= Albert Solà =

Spanish waiter (1956–2022)

Solà on Telecinco's ¿Quién es mi padre? ("Who is my Father?"). The episode was broadcast posthumously on 15 October 2022.

Albert Solà i Jiménez (1956 – 8 October 2022) was a Spanish man who claimed to be the illegitimate son of King Juan Carlos I.

Born in Barcelona and adopted in the Province of Girona, also in Catalonia, Solà said that he was told by a judge that he was the king's son; the judge in question denied this. In 2012, he took a DNA test with Belgian fellow claimant Ingrid Sartiau that showed 91% similarity between them, but did not include a sample from the king. After Juan Carlos I abdicated in 2014, the pair sued him in the Supreme Court of Spain, with Solà's suit being dismissed.

Solà worked as a waiter in La Bisbal d'Empordà and wrote an autobiography in 2019. He died suddenly in 2022, aged 66.

==Biography==
Solà was born in Barcelona as Alberto Fernando Augusto Bach Ramón. During his childhood, many children were taken from unwed mothers by the authorities of Francoist Spain. Shortly after his birth, he was given to a farming family in Ibiza. According to the daughter of these foster parents, they were paid twice the usual amount. Solà said that he returned to Barcelona in 1961 to live in a large mansion, and was adopted aged 8 by Salvador Solà, a farmer in the Province of Girona.

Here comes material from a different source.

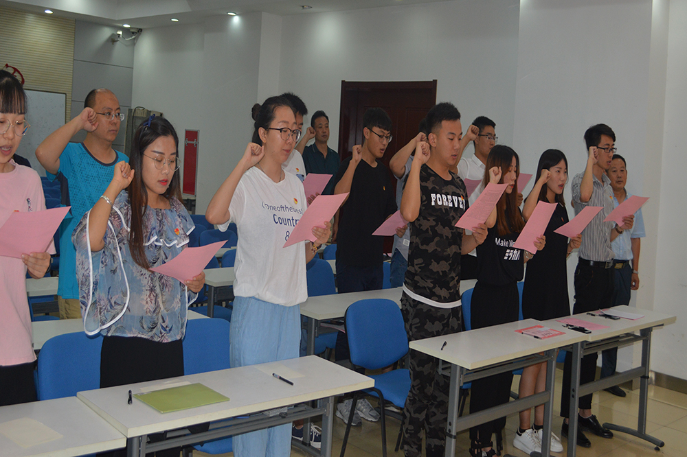 宣誓儀式在激昂的《國際歌》聲中拉開序幕,新發展的黨員面向黨旗,舉起右手,在領誓人領讀下莊嚴宣誓,表達對黨的忠誠與熱愛,以及為共產主義事業奮斗終身的決心。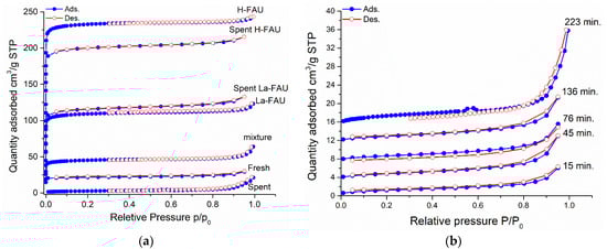 N2 adsorption–desorption isotherms of (a) the fresh and spent pristine supports, physical mixture of S-ACl, the fresh catalyst before and after reaction (time on the stream (TOS): 223 min) in ethane ODH (isotherms corresponding to the fresh catalyst shifted along the y-axis by an increment of 20 cm3/g), (b) the spent catalysts after different TOS under reaction atmosphere (isotherms are shifted along the y-axis by an increment of 4 cm3/g).

Solà said that he received an expensive car and motorcycle with no explanation after he learned to drive, and that he was given preferential treatment during his military service. He said that in 1982, an office director would not show him his adoption records, but referred to the case as being "the most complex". According to Solà, he went to court to see his adoption records and was told by the judge that he was the son of King Juan Carlos I; judge Jorge Maza denies this.

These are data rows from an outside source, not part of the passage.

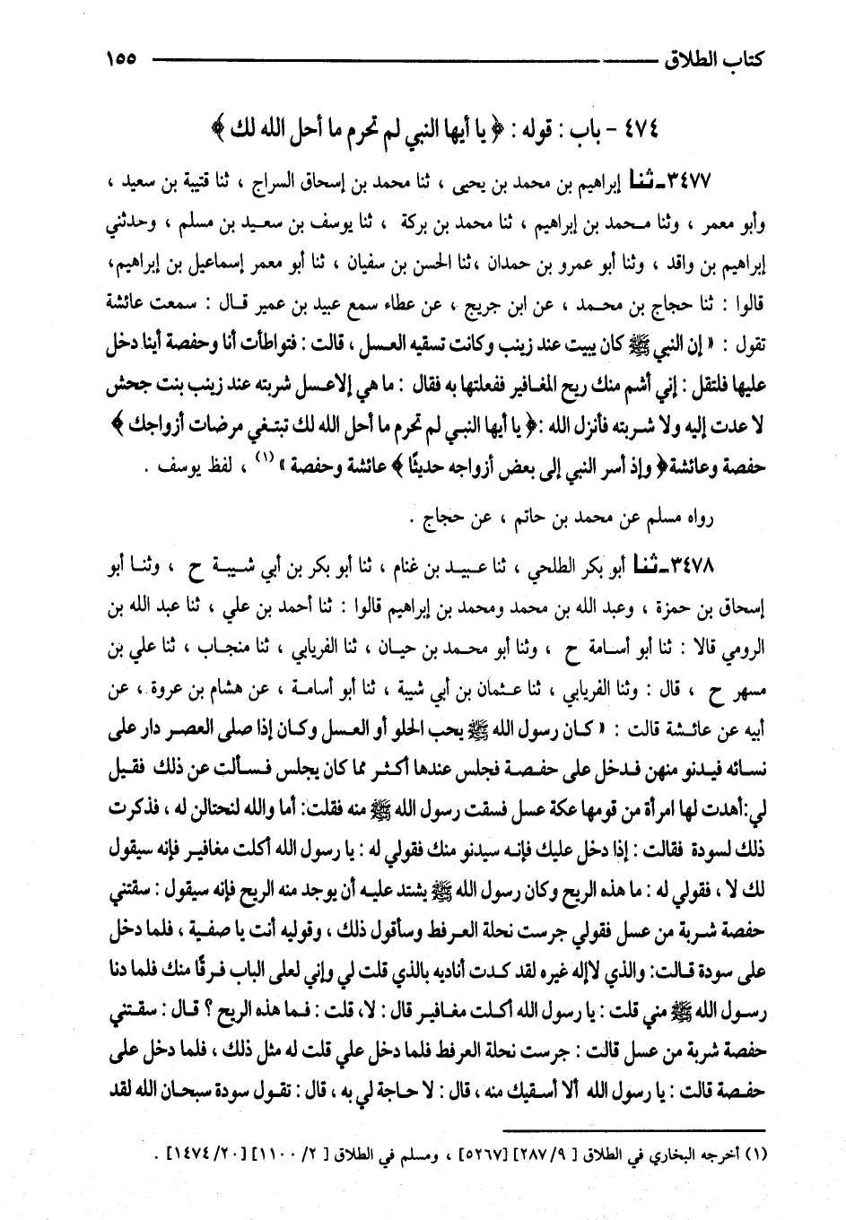 3477 - ثَنَا إِبْرَاهِيمُ بْنُ مُحَمَّدِ بْنِ يحيي ثَنَا مُحَمَّدُ بْنُ إِسْحَاقَ السَّرَّاجُ ثَنَا قُتَيْبَةُ بْنُ سَعِيدٍ وَأَبُو مَعْمَرٍ وَثنا مُحَمَّدُ بْنُ إِبْرَاهِيمَ ثَنَا مُحَمَّدُ بْنُ بَرَكَة ثَنَا يُوسُفُ بْنُ سَعِيدِ بْنِ مُسلم وحَدثني إِبْرَاهِيم بن وَاقد وَثَنَا أَبُو عَمْرِو بْنُ حَمْدَانَ ثَنَا الْحَسَنُ بْنُ سُفْيَانَ ثَنَا أَبُو مَعْمَرٍ إِسْمَاعِيلُ بْنُ إِبْرَاهِيمَ قَالُوا ثَنَا حَجَّاجُ بْنُ مُحَمَّدٍ عَنِ ابْنِ جُرَيْجٍ عَنْ عَطَاءٍ سَمِعَ عُبَيْدُ بْنُ عُمَيْرٍ قَالَ سَمِعْتُ عَائِشَةَ تَقُولُ (إِنَّ النَّبِيَّ صَلَّى اللَّهُ عَلَيْهِ وَسَلَّمَ كَانَ يَبِيتُ عِنْدَ زَيْنَبَ وَكَانَتْ تَسْقِيهِ الْعَسَلَ قَالَتْ فَتَوَاطَأْتُ أَنَا وَحَفْصَةُ أَيّنَا دَخَلَ عَلَيْهَا فَلْتَقُلْ إِنِّي أَشُمُّ مِنْكَ رِيحَ الْمَغَافِيرِ فَفَعَلْتُهَا بِهِ فَقَالَ مَا هِيَ إِلَّا عَسَلٌ شَرِبْتُهُ عِنْدَ زَيْنَبَ بِنْتِ جَحْشٍ لَا عُدْتِ إِلَيْهِ وَلا شَرِبْتُهُ فَأنْزل الله {يَا أَيهَا النَّبِيُّ لِمَ تُحَرِّمُ مَا أَحَلَّ اللَّهُ لَكَ تَبْتَغِي مَرْضَاتَ أَزْوَاجِكَ} حَفْصَةَ وَعَائِشَةَ {وَإِذْ أَسَرَّ النَّبِيُّ إِلَى بعض أَزوَاجه حَدِيثا} عَائِشَةَ وَحَفْصَةَ) لَفْظُ يُوسُفَ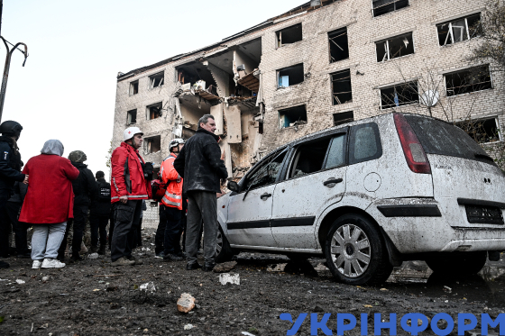 Місцеві жителі, волонтери загону швидкого реагування ТЧХУ та правоохоронці стоять біля частково зруйнованої внаслідок нічної комбінованої атаки військ РФ будівлі гуртожитку, де стався обвал поверхів, Запоріжжя, 30 жовтня 2025 року. Вночі ворог скерував на місто 8 ракет та 20 БПЛА. Внаслідок обстрілу пошкоджено багатоповерхівки, приватні будинки, є руйнування на підприємствах. Поранень дістали 17 людей, ще двоє загинули.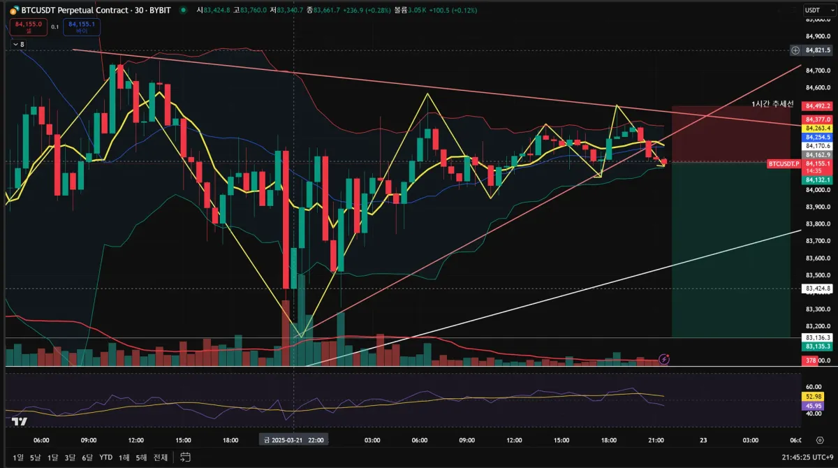 1시간 추세선 작도한 결과 삼각수렴 형태가 나왔으며 배물대 지지 저항선 이탈 아래 추세선에 지지를 받았으나 고가 추세선 저항으로
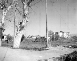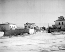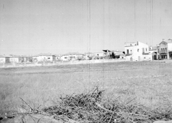 "Grup d’habitatges unifamiliars que en l’època es conegué amb el nom de Grupo 3 de abril ; zona de l’actual Passeig de Ronda; al fons es veu el carrer dels Pirineus"

Solà first wrote to Juan Carlos I in 2007, referring to him as his father. After not receiving a personal reply, he continued to write, threatening that "Give me some answers and I will not bother you again".

Solà said that he had been approached by an intelligence agent who had seen a photograph of him as a child with Princess María de las Mercedes of Bourbon-Two Sicilies, the mother of Juan Carlos I. Solà said that he had memories of the woman in the photograph.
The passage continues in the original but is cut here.